- Born: June 28, 1941 Seattle, Washington, US
- Died: March 5, 2003 (aged 61) Los Angeles, California, US

= George Miller (comedian) =

Comedian

George Miller (June 28, 1941 – March 5, 2003), born George Wade Dornberger, was an American stand-up comedian.

Greatly influenced by comedian Mort Sahl, Miller first performed standup at age 21, starting in Seattle and eventually in the late 1960s moving onto Southern California and Los Angeles comedy clubs, making his network television debut on The Tonight Show in 1976.
Thereafter he appeared regularly on TV talk programs, including The Mike Douglas Show, Dinah!, and many others. Miller was a guest on NBC's Late Night with David Letterman and CBS' Late Show with David Letterman 56 times in two decades. He was a "clean comic" with a sardonic wit. Making references to show business or current events, Miller was a "comedian’s comic", writing what David Letterman described as “very funny, intelligently constructed jokes, rather than comic musings.” PBS in Seattle shot a special called Funny Business with George Miller, following the comedian on the road, including to a taping of Letterman. The special was a first to look close-up on a life in the comedy “front lines,” and featured interviews with Letterman, as well as his mother and his long-term partner and manager. He acted as guest host for Joan Rivers on Fox’s The Late Show with Clint Holmes as his sidekick. He was a fiercely loyal friend to many in the West Coast comedy scene who later enjoyed tremendous success, including David Letterman, Robin Williams, Jay Leno and Jerry Seinfeld.

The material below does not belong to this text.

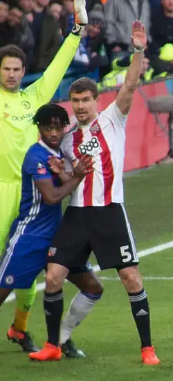Bjelland deputised for the absent Harlee Dean early in the 2017–18 season scored his first Brentford goal in a 4–3 defeat to Nottingham Forest 12 August 2017.[25] After Dean's departure at the end of the summer transfer window,[26] Bjelland continued as an automatic pick for the remainder of the 2017–18 season.[25] Despite suffering from an achilles problem during the final two months of the season,[27] Bjelland finished the campaign with 35 appearances and one goal.[25] After failing to agree a new contract, he was released on 30 June 2018.[28] During three seasons at Griffin Park, Bjelland made 65 appearances and scored one goal.[2]
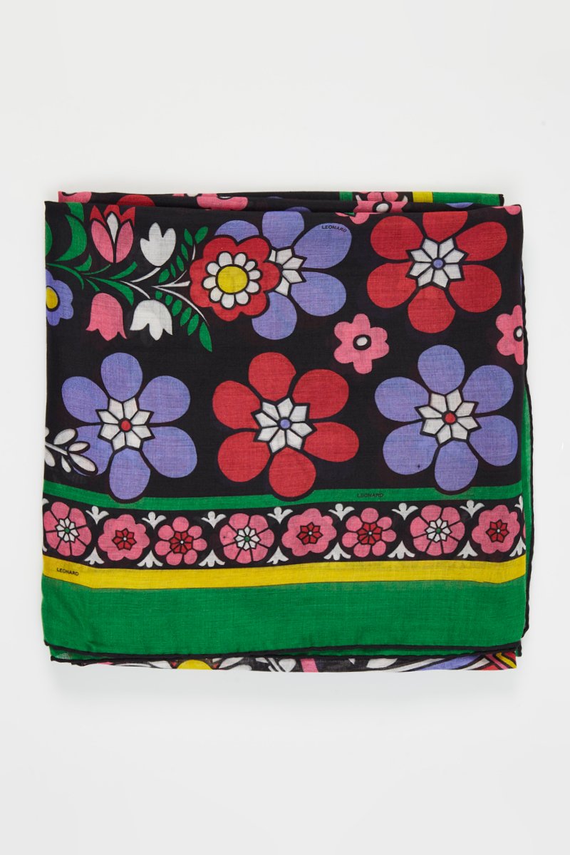 Wollen en Zijden Sjaal Disegno Ricamo - Zwart en Rood

Miller died in 2003 aged 61 at UCLA Medical Center after a long bout with leukemia, from a blood clot in his brain. Letterman reportedly paid for Miller's medical expenses throughout his battle with leukemia, including a major donation to UCLA so Miller could be admitted into an experimental treatment program. Letterman also paid for Miller's funeral expenses (though was unable to attend due to being hospitalized for a severe case of shingles).